Von Cosplays und anderen Shenanigans


Der gefürchtete Tag der Woche ist angekommen: Donnerstag! Nachdem wir uns gestern so sehr über die relativ freien Gänge und noch erträglichen Wartezeiten erfreuen konnten, ging es heute richtig los. Der erste Besuchertag ist damit nämlich angebrochen und obwohl wir immernoch eine Stunde vor dem Rest reingehen durften, wussten wir was auf uns zukommen würde. Für mich in diesem Jahr sogar noch eine kleine Besonderheit, da ich es mir nicht nehmen lassen konnte selbst mal als Cosplayer vor Ort aufzutreten und mich damit den ganzen, gierigen Kamera-Trägern entgegen zu stellen. Solltet ihr also auf eurem Ausflug durch die heiligen Hallen Kölns mal auf einen Dante aus Devil May Cry 4 getroffen sein ist die Wahrscheinlichkeit ziemlich hoch, dass ihr mich gesehen habt. Dazu habe ich mir übrigens den teuflischen Aktenkoffer Pandora selbst gebastlelt. Man kann schließlich nicht alles kaufen.

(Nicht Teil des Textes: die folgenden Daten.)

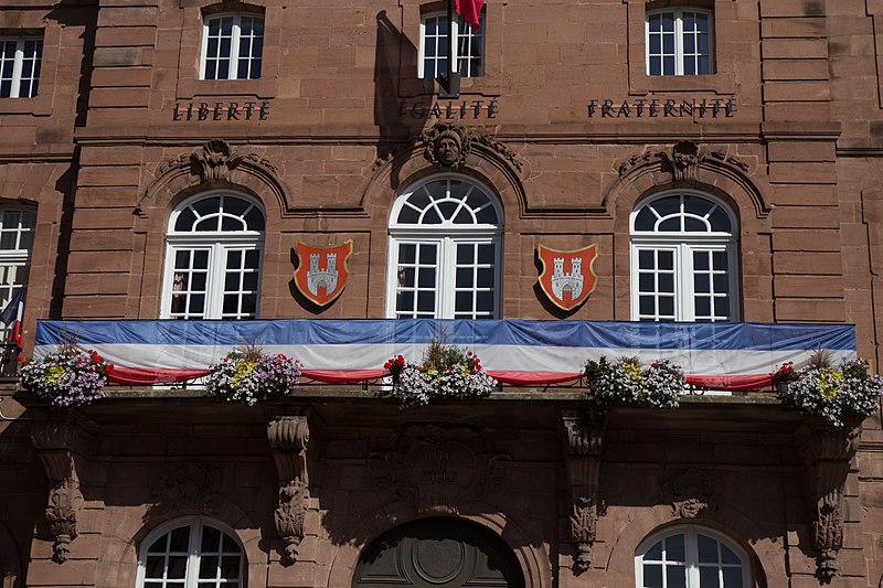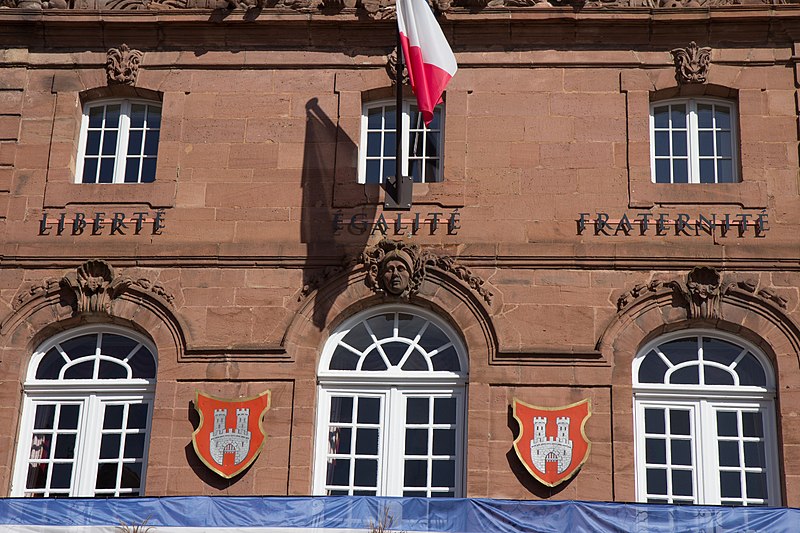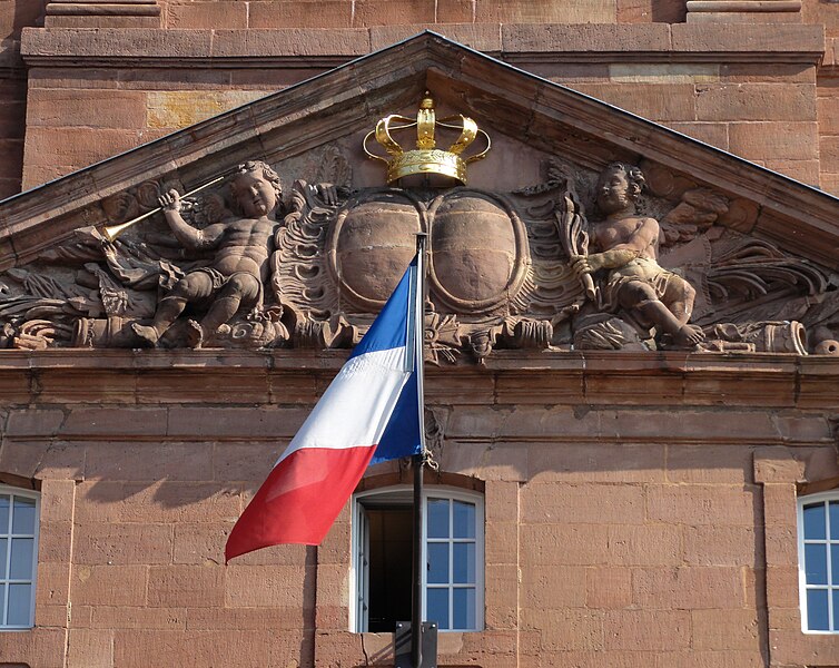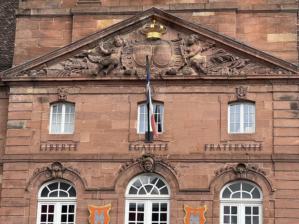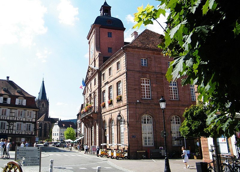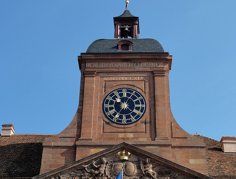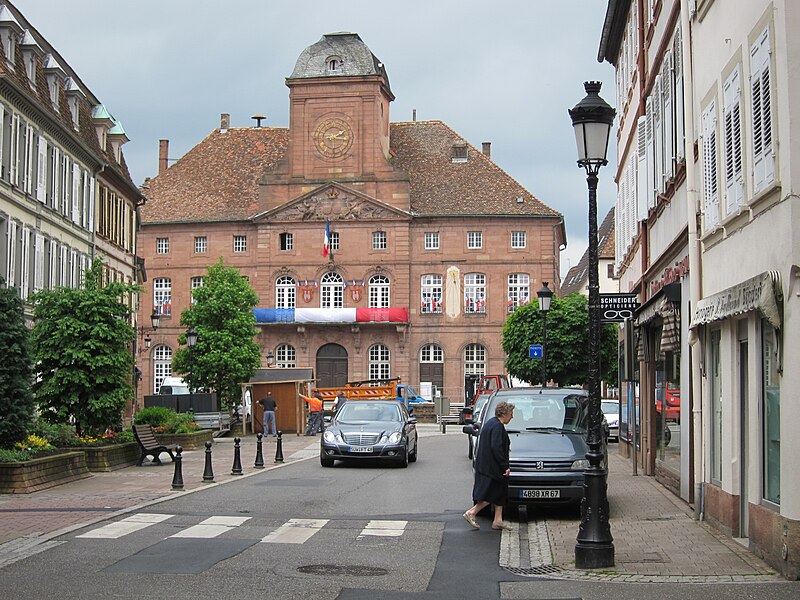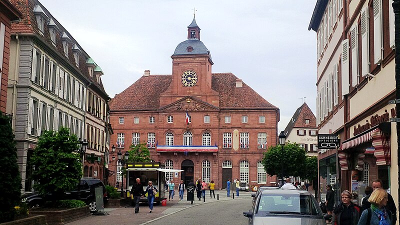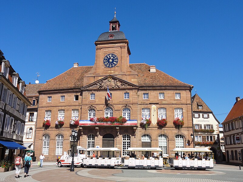 Situé place de la République à Wissembourg, l'hôtel de ville constitue un témoignage de l'architecture publique du milieu du XVIIIe siècle. Construit d'après les plans de l'architecte Joseph Massol, la première pierre fut posée le 26 juin 1741 et l'édifice fut achevé et inauguré le 27 juin 1752. Le niveau supérieur de la tour porte la date MDCCXLI et l'inscription REGNLUDXVEXANTIQUOCINLRESURREXI (Sous le règne de Louis XV, je me suis relevé de mes cendres). L'ancienne maison communale, peut‑être datée de 1396, succomba lors de l'incendie de la ville en 1677 et apparaît sur des vues gravées de Wissembourg des XVIe et XVIIe siècles. Les menuiseries de l'hôtel de ville sont en grande partie d'origine. Pendant la Révolution, le maître maçon Klauer fit enlever les portraits sculptés des rois qui ornaient la salle des séances ; les médaillons stuqués de cette salle ont été ornés en 1988 par Vincent Thiébaut de peintures allégoriques. Une maison imbriquée à l'arrière, dans l'angle nord‑est, fut détruite après la guerre, permettant l'agrandissement du bâtiment selon le plan rectangulaire actuel. L'édifice a été inscrit au titre des monuments historiques en 1929 puis classé en 1932.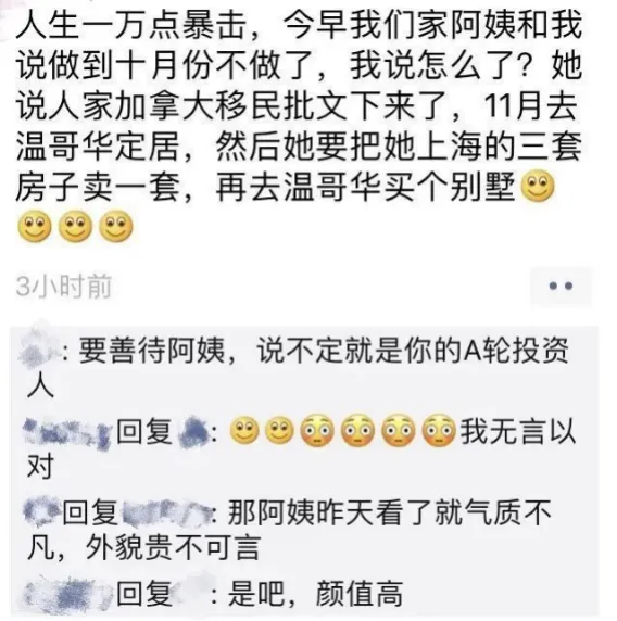 還有一個私企老闆,幾十人規模的小公司,發朋友圈說家裡阿姨突然間跟他請辭。

Wie auch immer, obwohl ich mich kostümiert habe wartete natürlich immernoch meine Arbeit der Redaktion auf mich, weshalb ich mich erst einmal wieder in die entlegensten Gebiete der Indie-Vita-Gebiete gewagt habe um dort noch ein paar interessantere Titel anzuspielen. Diesesmal ins Auge gestochen sind mir dabei bereits die erste anspielbare Version von Playstation Vita Pets und auch Rayman Legends, die tasächlich wirklich gut versteckt waren. Zugegeben, das sind nun absolut keine Indie-Titel, aber sie sind nunmal gut versteckt. Da kann man das schonmal verwechseln. Tearaway war nicht ganz so versteckt, machte aber durchaus Spaß. Obwohl wir leider einen kleinen Tippfehler entdeckt haben...


Whoops, da ist Sony wohl ein kleiner Fehler unterlaufen.


Nach dem ersten Arbeitsaufwand wird es aber Zeit ein wenig Vergnügen zu haben, schließlich habe ich mich nicht umsonst in Schale geworfen. Damit habe ich auch schnell die Rolle von Dante eingenommen, um selbst bei dem Playstation-Stand für Stimmung zu sorgen. Nachdem sich das Personal da schon beschwert hat, dass niemand so nahe treten wollte habe ich schnell dabei geholfen. Einen Cosplayer dabei zu haben hilft immer und selbst die schüchternen gehen dann gerne mal aus sich. Zumindest etwas. Irgendwie sind die Leute doch gerne eher zurückhaltend...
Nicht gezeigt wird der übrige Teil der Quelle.